# AIM OF THE TASK
Going line by line through the records below, write out everything starting with the line containing "4、返回登录界面输入已注册的账号和密码,勾选同意相关协议后点击登录即可。" and going on through the line containing "As you enter, you're", exactly and inclusively. Pictures do not go in.

# EXTRACTED MATERIAL
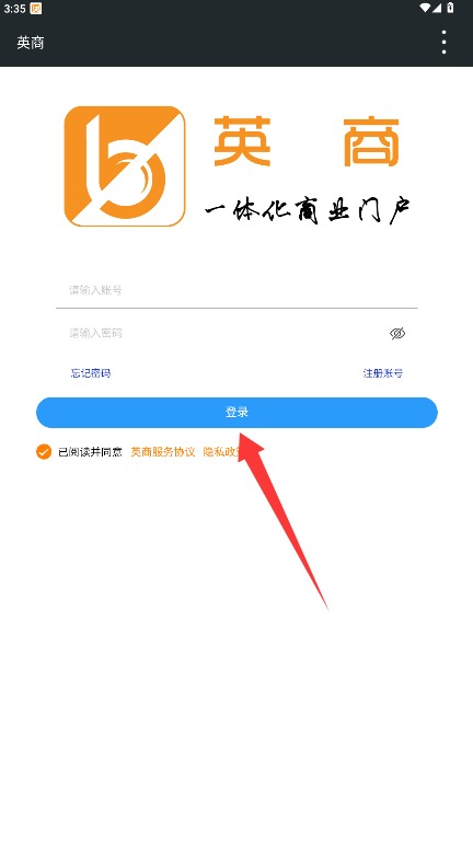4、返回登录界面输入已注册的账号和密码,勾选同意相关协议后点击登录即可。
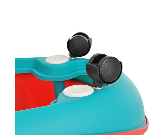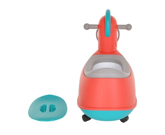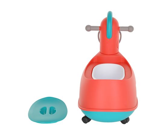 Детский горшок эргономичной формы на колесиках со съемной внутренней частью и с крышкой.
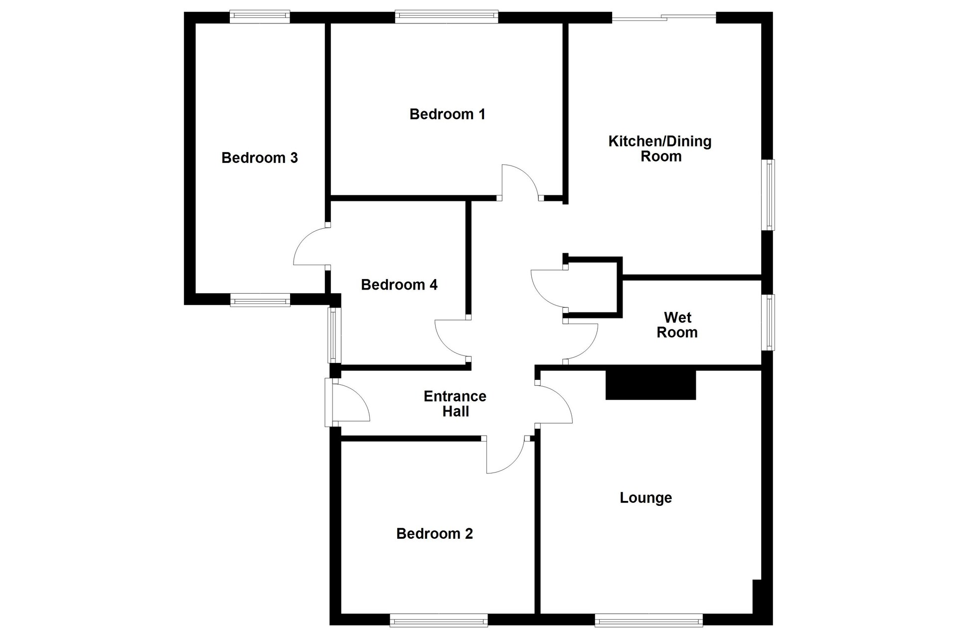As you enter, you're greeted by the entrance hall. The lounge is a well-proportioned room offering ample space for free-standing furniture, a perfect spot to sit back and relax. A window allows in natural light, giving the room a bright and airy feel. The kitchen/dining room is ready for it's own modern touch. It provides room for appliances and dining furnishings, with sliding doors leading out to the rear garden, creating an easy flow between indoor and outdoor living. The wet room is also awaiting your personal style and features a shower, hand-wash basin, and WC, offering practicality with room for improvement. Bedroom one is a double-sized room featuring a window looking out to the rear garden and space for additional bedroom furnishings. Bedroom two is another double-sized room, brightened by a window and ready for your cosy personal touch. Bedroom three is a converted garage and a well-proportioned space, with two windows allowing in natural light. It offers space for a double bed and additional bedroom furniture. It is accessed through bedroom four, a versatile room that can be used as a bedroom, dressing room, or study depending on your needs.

--

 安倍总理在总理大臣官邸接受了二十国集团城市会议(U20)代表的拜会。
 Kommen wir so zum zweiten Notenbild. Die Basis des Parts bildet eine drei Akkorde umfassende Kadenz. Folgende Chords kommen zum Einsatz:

# SOLUTION TO THIS EXERCISE
4、返回登录界面输入已注册的账号和密码,勾选同意相关协议后点击登录即可。
 Детский горшок эргономичной формы на колесиках со съемной внутренней частью и с крышкой.
As you enter, you're greeted by the entrance hall. The lounge is a well-proportioned room offering ample space for free-standing furniture, a perfect spot to sit back and relax. A window allows in natural light, giving the room a bright and airy feel. The kitchen/dining room is ready for it's own modern touch. It provides room for appliances and dining furnishings, with sliding doors leading out to the rear garden, creating an easy flow between indoor and outdoor living. The wet room is also awaiting your personal style and features a shower, hand-wash basin, and WC, offering practicality with room for improvement. Bedroom one is a double-sized room featuring a window looking out to the rear garden and space for additional bedroom furnishings. Bedroom two is another double-sized room, brightened by a window and ready for your cosy personal touch. Bedroom three is a converted garage and a well-proportioned space, with two windows allowing in natural light. It offers space for a double bed and additional bedroom furniture. It is accessed through bedroom four, a versatile room that can be used as a bedroom, dressing room, or study depending on your needs.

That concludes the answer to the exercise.